Logic Studio is my favorite thing to use ever
Also look into REAPER


----------



## Cooon (Feb 15, 2010)

Ok, good thing we've got logic, but i've never heard of REAPER

But i haven't been in the business for too long

My teacher also says Contact is a good program, especially from eletronic music. I'll be recording a lot of acoustic music, so i need something that does that well. I only have two condenser mics though, we're trying to find more.


----------



## Aden (Feb 15, 2010)

Your DAW isn't going to affect the quality of recording (unless you get a lesser version that can only do 44.1 recording or whatevs, but that shouldn't be a problem). For audio editing, my two previous suggestions remain. ProTools is good for it but I never recommend it because Digidesign are money-grubbing assholes. :V

Anyway, a Shure SM57 or two should do you great for instrument recording, or SM58 for vocal recording. Industry standard, cheap, indestructable.


----------



## Cooon (Feb 16, 2010)

Aden said:


> ProTools is good for it but I never recommend it because Digidesign are money-grubbing assholes. :V\.



My teacher said the exact same thing, and yes, my version can go over 44.1, so that should be no problem. 

I won't be doing much vocals, and my mics (I don't know specifically what model, and i don't want to disturb my family by going upstairs to find out) do just fine for the instruments that we're recording, except our recordings on the guitar (when it has an amp) are pretty inconsistent. 

Thanks for your help ^_^


----------



## Aden (Feb 16, 2010)

Cooon said:


> our recordings on the guitar (when it has an amp) are pretty inconsistent.



Do a ton of test recordings for amped guitars so you can get a feel for how different mic positions and orientations sound. Eventually sometime down the line you'll have your favorite mic position locked in (don't be afraid to try pushing it right near the mesh) and will be able to set it up perfectly in no time. Also get some masking tape and put a strip on the top of the amp so that when you lock in your favorite knob settings for recording you can write them down.


----------



## Eleziek (Feb 16, 2010)

This is copy and pasted from, "Good Recording Software?" thread, so if something seems out of place that's why

Mmk, there's a difference between recording tracks and creating them. There is no 'magic' program that does it all very, very well if you're looking to produce high quality music. In the end one must use a variety of tools to create a solid piece using only a computer... Hell, in my honest opinion, hardware is going to be the best way to go unless you're using things like Cubase, Audition, and samples like East West... And then you're almost better off buying hardware because it's going to cost you the same to buy a rather nice sequencer as it would be to invest in all of the software. 

Oh yes, I know you can pirate stuff, but if you want the best out there that's not going to happen. 

When it comes to recording/mixing/mastering on the software side of things I highly recommend audition. If money isn't an issue I'd suggest a move to hardware for the raw recording aspect. Stereo recorders and mics can get expensive but if you're recording acoustically that's pretty much the only way to go for a pro sound. 

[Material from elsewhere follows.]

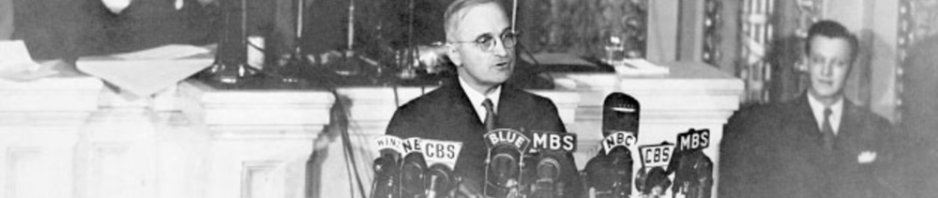 So when President Harry Truman speaks to Congress for the first time as President in 1945, he was speaking 535 men for the most part in Congress and millions of Americans, who in Congress’s case didn’t know what to expect from him. And in America’s case was hearing from their band new leader who they never even heard of.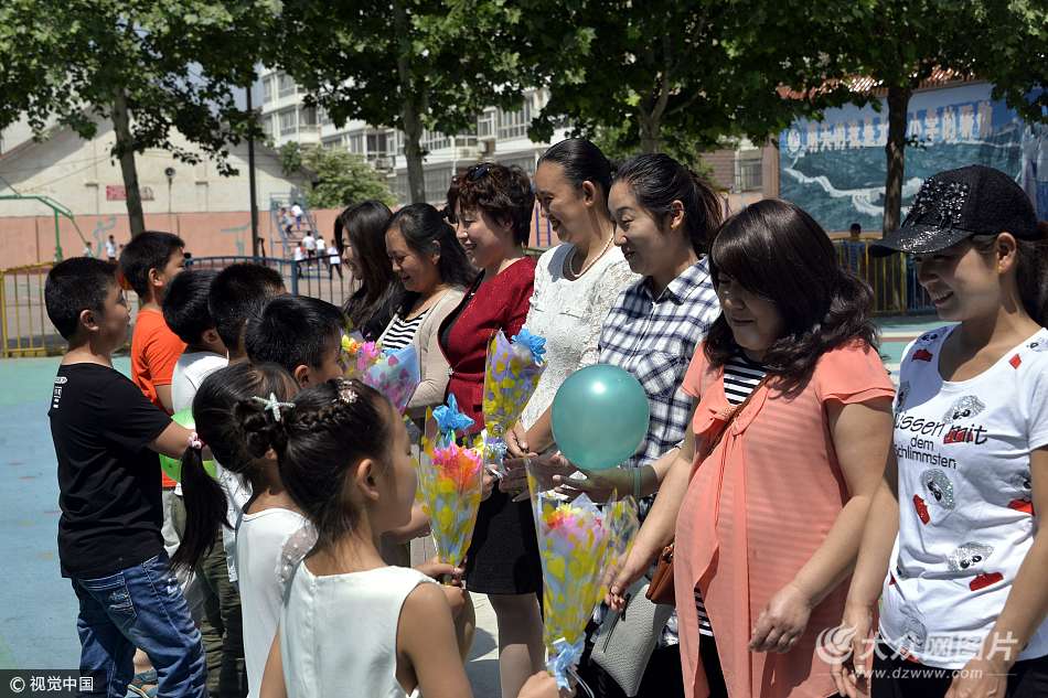 2017年5月12日,在山東聊城北順小學(xué),小學(xué)生給媽媽獻(xiàn)上做的康乃馨表達(dá)感恩之情。

Want soft-synths? There's a wealth of them out there for free and for reasonable prices. Reason has some great synths and other tools to play with. 

I would never recommend FL Studio to anyone these days. It's a toy meant to appeal to the eyes of novices and lacks a lot of more complex features found in other programs. I would also avoid using Reason as a sequencer if you have a better program (Logic, Cubase) to use.. It's better than FL, but there are much greater options. 

Want to step in to another level? Learn the wonderful art of notation and basic music theory. Music, like the visual arts, is not something someone can just make and have it be appealing. Many people think sitting down in front of FL and laying down 8 minutes of a four measure phrase with a beat behind it is making music. A lot of those same people also think playing the same four power chords over and over is music as well... I'm sorry to say, but those individuals are mistaken.

One can do a lot by learning notation and working in a program like Sibelius or Finale. Cubase can output scores as well but isn't a dedicated scoring program. If you should decide to take a step in this direction I recommend Sibelius over Finale. While they are both great programs Sibelius offers much more when you get in to the fun stuff. Finale may seem more approachable, but if we didn't have to suffer a bit to get a bigger reward then what fun is making music?


----------



## Shred Uhh Sore Us (Feb 16, 2010)

http://forums.furaffinity.net/showthread.php?t=59823


----------



## Qoph (Feb 16, 2010)

Shred Uhh Sore Us said:


> htt,p://forums.furaffinity.net/showthread.php?t=59823



Same concept, but a bit different in that the older topic listed specifics for what the user was looking for.  Plus this topic seems to be going fine for now.


----------



## JMAA (Feb 17, 2010)

Personally I use Fruity Loops. I think it's a good starter.


----------



## Shred Uhh Sore Us (Feb 17, 2010)

Qoph said:


> Same concept, but a bit different in that the older topic listed specifics for what the user was looking for.  Plus this topic seems to be going fine for now.



oh no i was just meaning for a reference, as theres a lot of different softwares mentioned in there, along with posts by me that i was too lazy to retype xD


----------



## King Roach (Feb 17, 2010)

I believe the term you are searching for is "Digital audio workstation" or daw for short.

My recommendations if your just starting out.

M-Audio the 99$ audio interface forgot what it's called is good. It's blue and cheap great money for the bargain. 

krk rp5's. great starter monitors.

reason 3.0 - always a great addition to any arsenal. 

pirated vst's 

and last but not least Izotop Ozone! I'm a midi slut so my opinion is heavily biased. don't go wasting thousands of dollars if your just starting though.

i personally compose in Cubase; but if yuo on a mac you might want to use logic (garage band if just starting out) and FL or albelton, acid live, etc on pc (if just starting out).


----------